**LISTED RECORDS:**

---+---

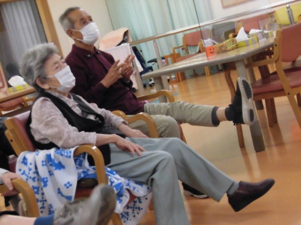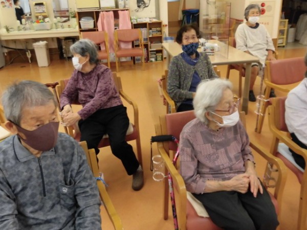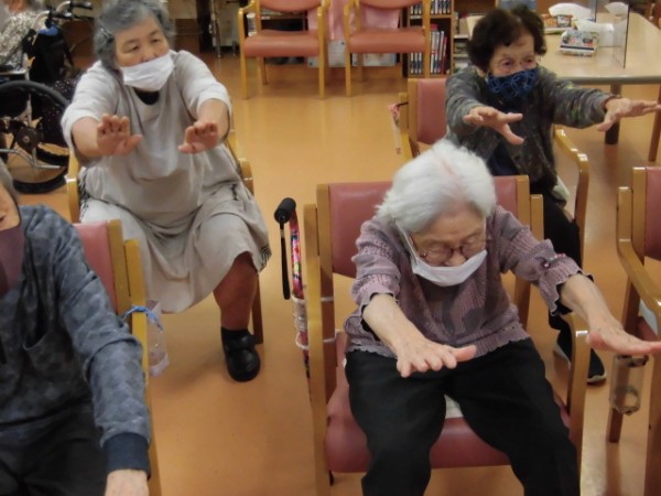 背もたれを気にされる方も、肘を後ろに立てて動かしたり、身体を少し起こして伸ばしたり、腹筋運動も行いました♪
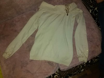 Хороша жіноча кофта,у гарному станні,на комірі та рукавах є камінці. Розмір 46-48. Можливі додаткові заміри, кого цікавить запитуйте :) |
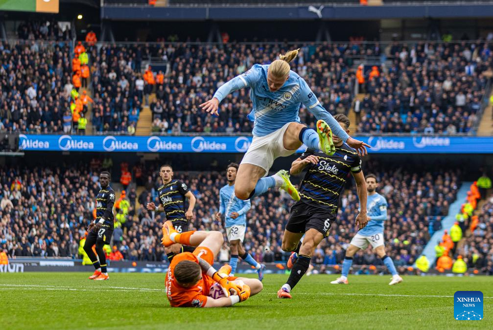 Manchester City's Erling Haaland (front R) skips over Everton's goalkeeper Jordan Pickford during the English Premier League match between Manchester City FC and Everton FC in Manchester, Britain, on Oct. 18, 2025. (Xinhua)
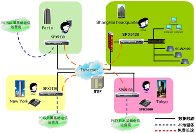 隨著公司在全世界開設(shè)眾多的部門,IP電話技術(shù)將會(huì)是不同分公司之間實(shí)現(xiàn)低費(fèi)用高品質(zhì)語音通訊的方式。SINOCO公司的IP-PBX 系統(tǒng)解決方案,利用 SPX-5130設(shè)備通過互連網(wǎng)連接到公司的各個(gè)分支機(jī)構(gòu),提供分級(jí)體系結(jié)構(gòu),更進(jìn)一步提供了可靠的,靈活的語音通訊解決方案,從而滿足公司快速回應(yīng)客戶的需求。同時(shí),它也降低了總部和分部之間的電話費(fèi)用?偛亢头植块g昂貴的國際電話費(fèi)用將不再存在, 而且享受高品質(zhì)的語音通訊質(zhì)量。
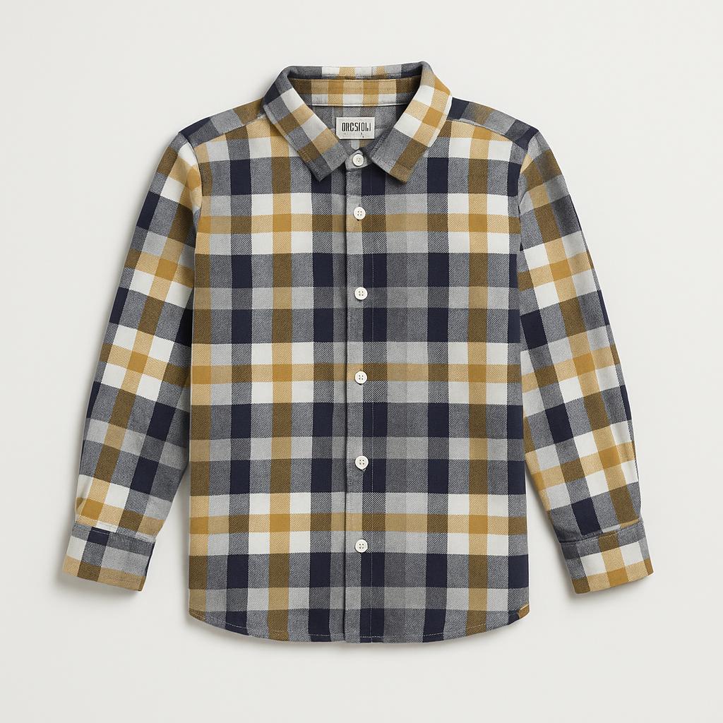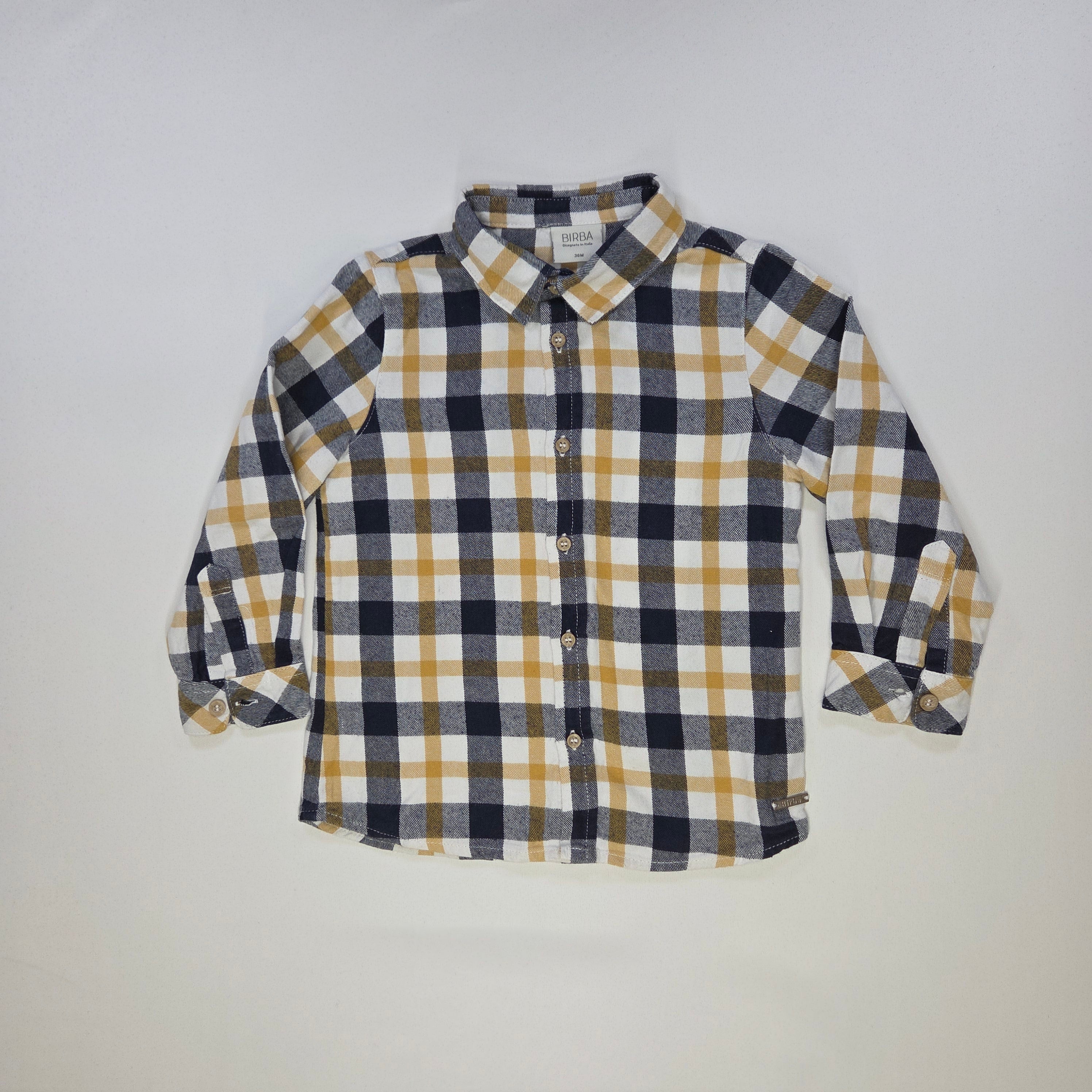 Questa bellissima camicia a quadri è un capo versatile e trendy per i piccoli esploratori! Realizzata in morbido cotone, presenta una combinazione di colori blu navy, giallo e bianco, perfetta per ogni stagione. La struttura a maniche lunghe e il colletto classico la rendono ideale per outfit casual o occasioni speciali. I dettagli curati, come le cuciture e i bottoni, aggiungono un tocco di eleganza. Nonostante sia usata, è in ottime condizioni e pronta per essere indossata da un giovane amante della moda!
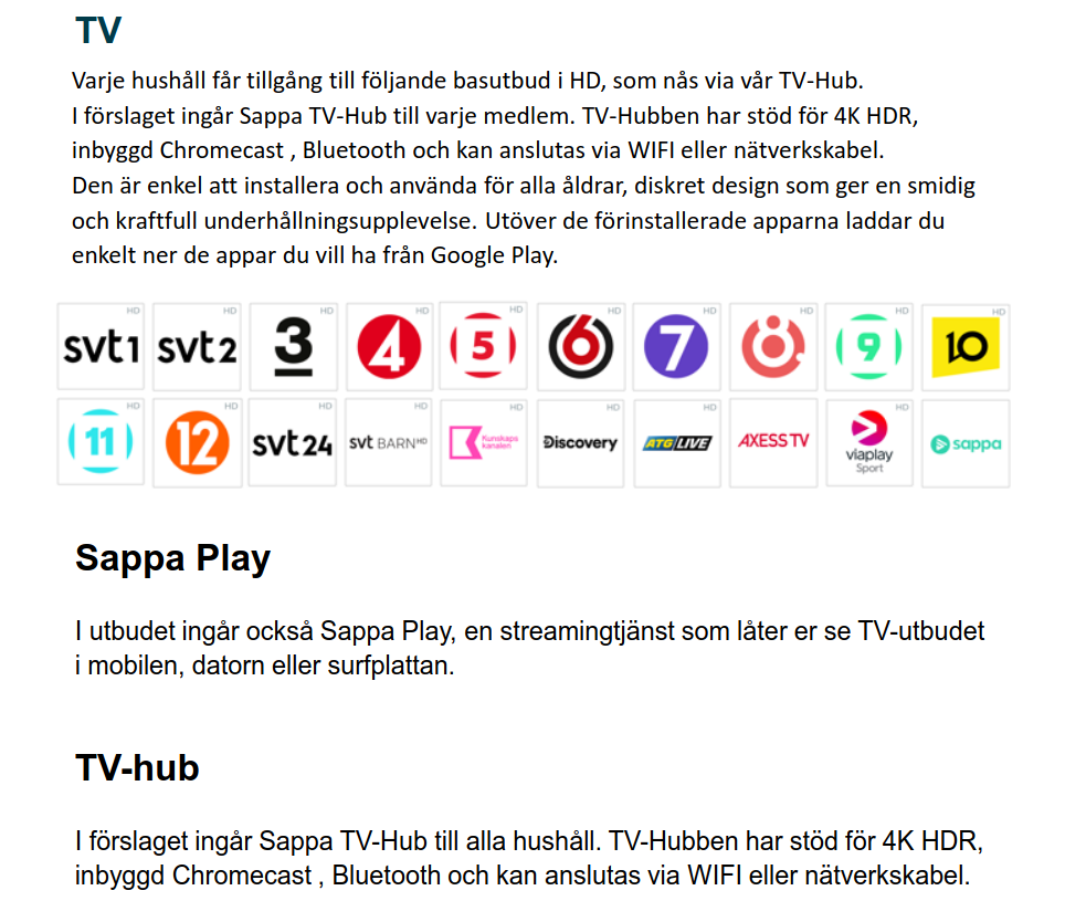 Nytt TV-avtal 2026 08 oktober 2025 Vi har tecknat ett nytt avtal för IP-TV med Sappa. Det nya avtalet kommer att börja gälla 2026-02-01.I avtalet ingår nya modernare TV-boxar och fler kanaler än vad vi har nu.Klicka på bilden nedan så får du mer information. Filer Sappa_nytt_avtal_2026.png
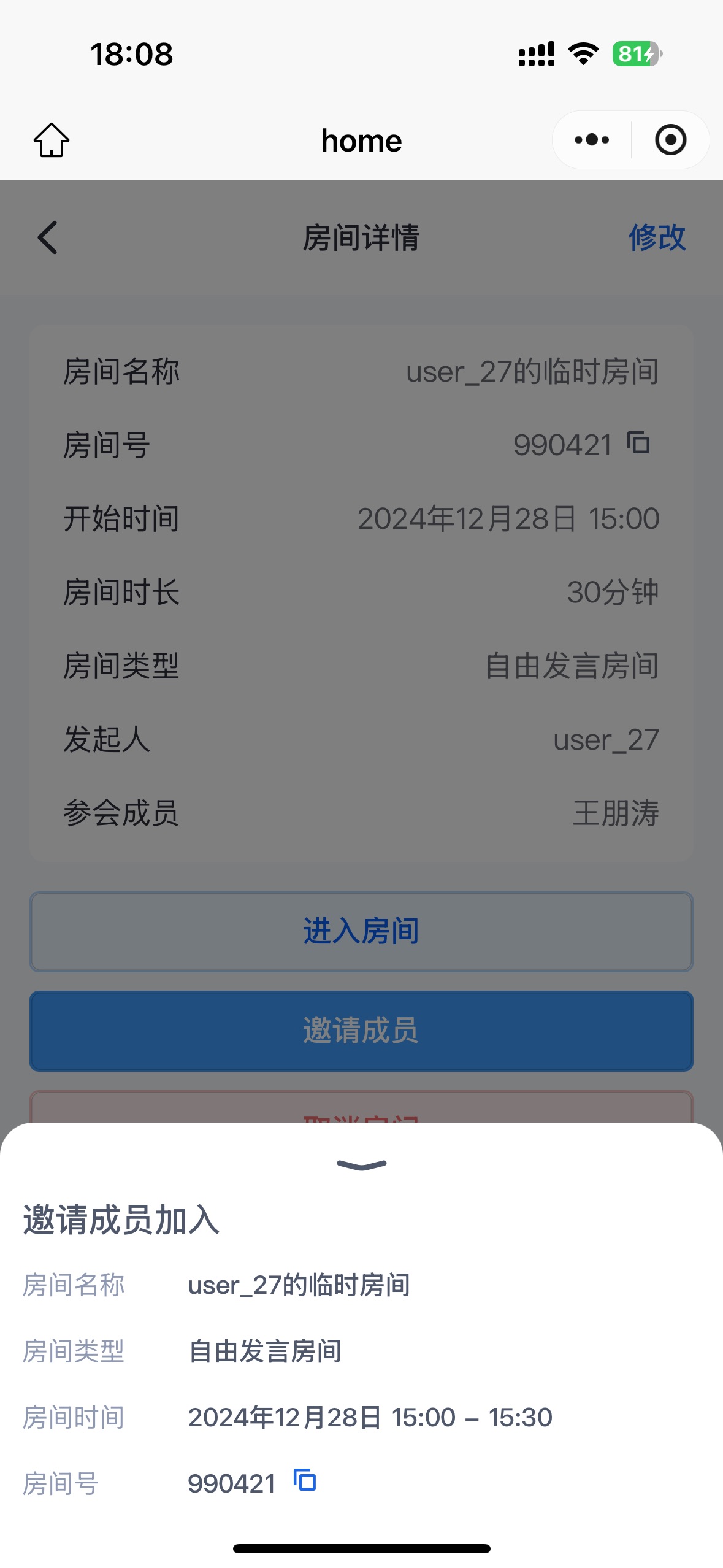 会议详情 | 邀请成员 |
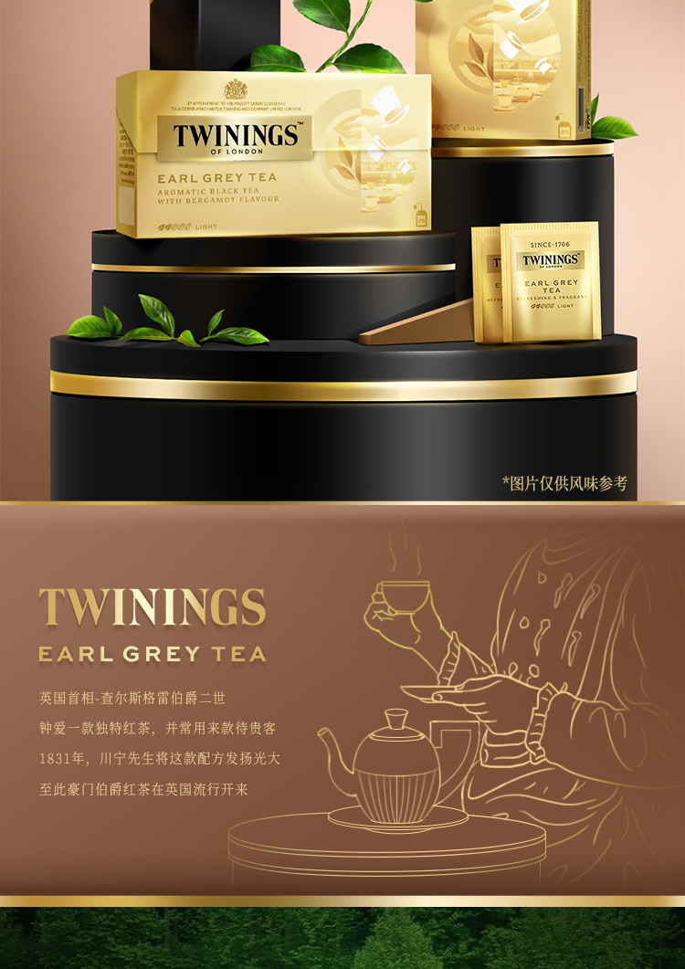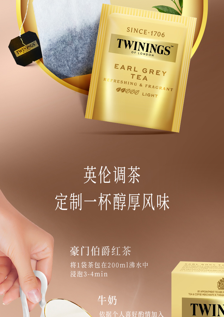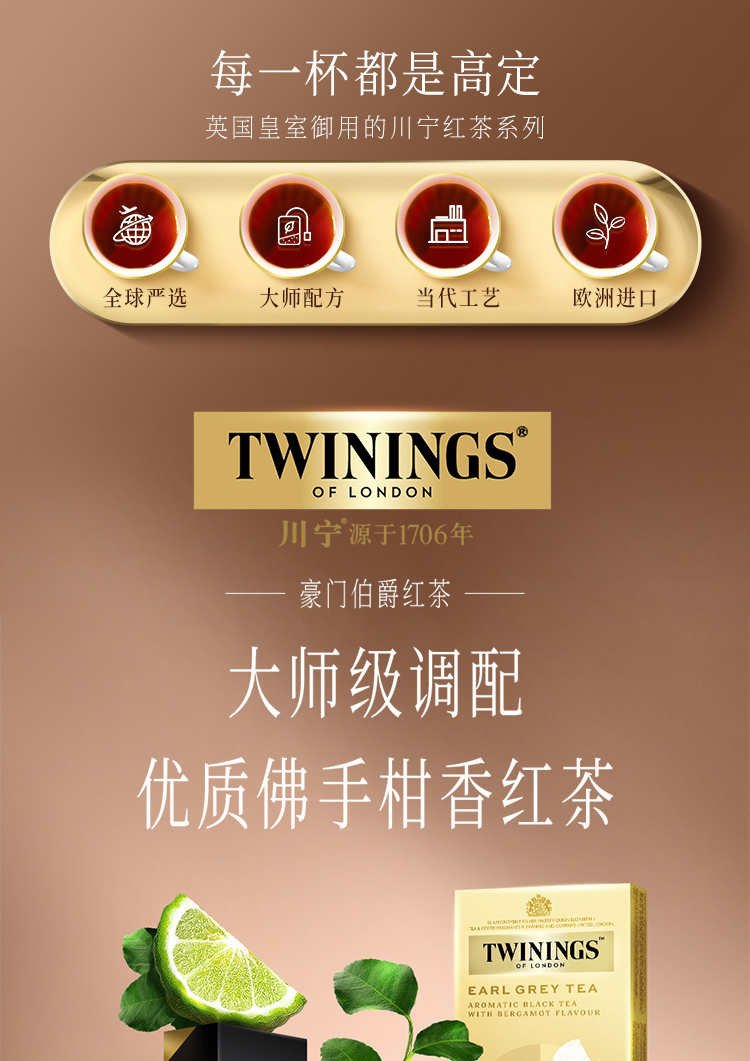 【森哥优选】川宁 4盒100袋 豪门伯爵红茶 英国进口twinings 茶包英式奶茶专用茶叶茶粉 25袋

---+---

**PROBLEM STATEMENT:** Give back the lines from the one containing "Questa bellissima camicia" through the last line of the records above exactly as they appear, both included, and no pictures.

**EXERCISE ANSWER:**
 Questa bellissima camicia a quadri è un capo versatile e trendy per i piccoli esploratori! Realizzata in morbido cotone, presenta una combinazione di colori blu navy, giallo e bianco, perfetta per ogni stagione. La struttura a maniche lunghe e il colletto classico la rendono ideale per outfit casual o occasioni speciali. I dettagli curati, come le cuciture e i bottoni, aggiungono un tocco di eleganza. Nonostante sia usata, è in ottime condizioni e pronta per essere indossata da un giovane amante della moda!
 Nytt TV-avtal 2026 08 oktober 2025 Vi har tecknat ett nytt avtal för IP-TV med Sappa. Det nya avtalet kommer att börja gälla 2026-02-01.I avtalet ingår nya modernare TV-boxar och fler kanaler än vad vi har nu.Klicka på bilden nedan så får du mer information. Filer Sappa_nytt_avtal_2026.png
 会议详情 | 邀请成员 |
 【森哥优选】川宁 4盒100袋 豪门伯爵红茶 英国进口twinings 茶包英式奶茶专用茶叶茶粉 25袋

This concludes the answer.